To celebrate, here's a quick recipe, sans photos, for a dish I've been making a lot recently. I bought ingredients for a pasta salad since there was a picnic on the horizon. The picnic went swimmingly, even though it became an indoor thing thanks to rain, but I still have orphaned artichoke hearts. Hence this pasta dish.
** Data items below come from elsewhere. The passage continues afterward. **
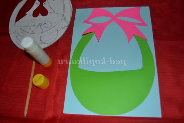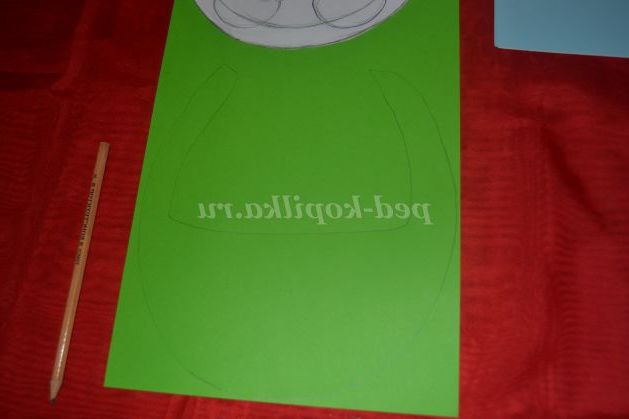Тепер приступимо до наступної операції - обводимо контур у вигляді корзинки на папері зеленого кольору.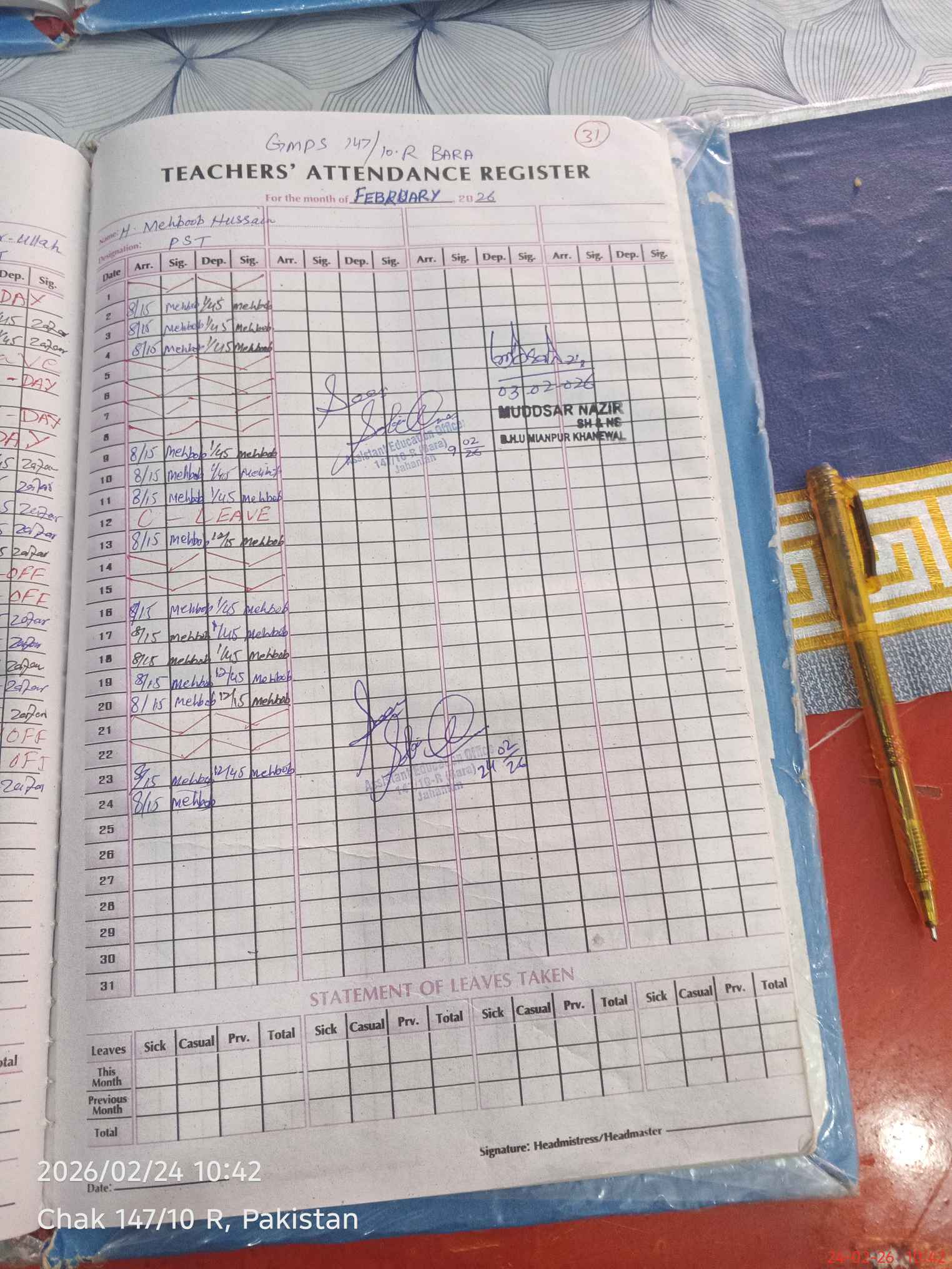 | Attendance Register | Head Teacher | MEA with School | Visit Proof |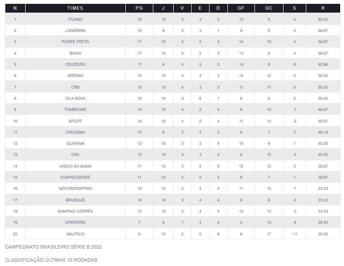 A classificação das últimas 10 rodadas da Série B. Pelo aproveitamento recente, Ituano e Londrina despontam como as principais ameaças ao G4.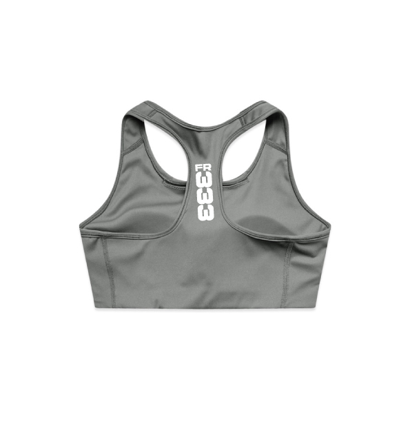Matte finish, continuous removable bust cup, racer back, internal elastic, moisture wicking, quick drying, high elastane content for resilience, suitable for low to medium impact activities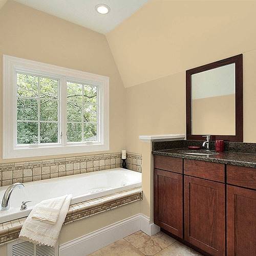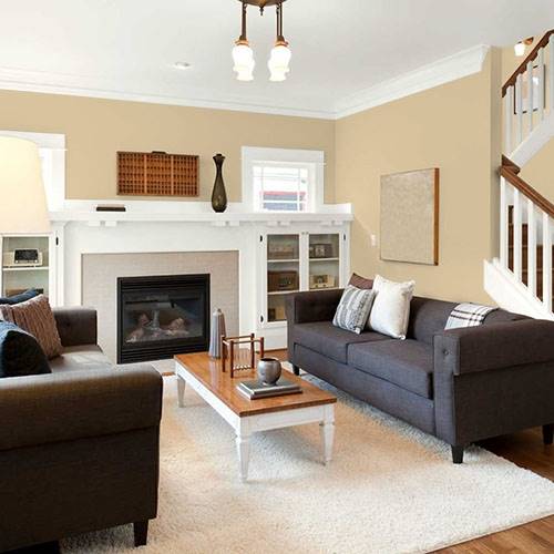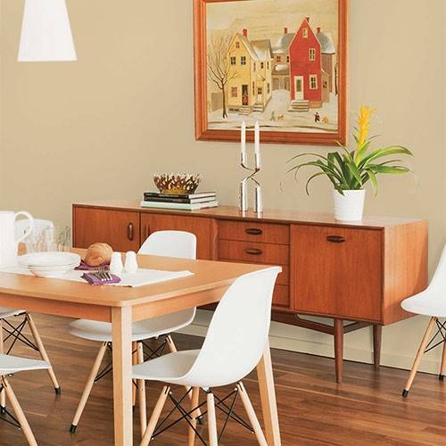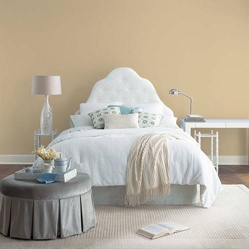 This wonderful neutral gold is fashionable in any interior space. Trim in off white and pair pops of plums and sage greens for accents.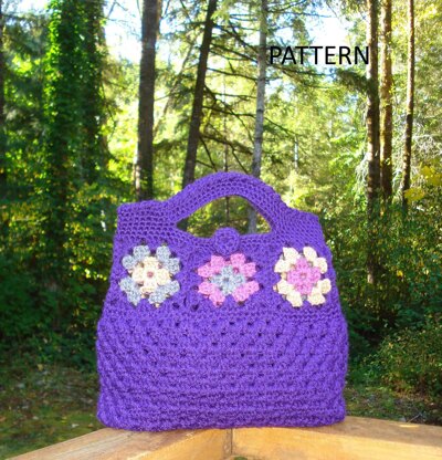 Start with six granny square motifs that are joined together to form a ring. Crochet around the top of the ring for a few rounds and then create an opening for the handles. Crochet around the bottom of the ring and continue the body of the bag in the granny square pattern. Crochet the base and attach to bag. Attach a crocheted button and your clutch bag is complete.

Make it when you're lazy, poor and have nuttin' but jars in the fridge and a basil plant on the windowsill.

The Fridge Is Bare And Your Life Is Overwhelming Pasta, or Carbs, Yay.
-enough spaghetti for one person
-a handful of oil-packed, sun-dried tomatoes, chopped
-two artichoke hearts, drained, sliced and separated
-one shot of olive oil
-a handful of finely-grated parmesan cheese
-two generous pinches of fresh basil, chopped
-salt and pepper to taste

1. Make spaghetti. Refer to the box instructions if you must. Drain.
2. Toss with sun-dried tomatoes, artichoke heart slices, and olive oil. Throw in basil, parmesan, and salt and pepper, then toss until the cheese begins to melt.
3. That's it, you're done. Serve with depanneur beer and a side of quarter-life crisis, but finish off with hope.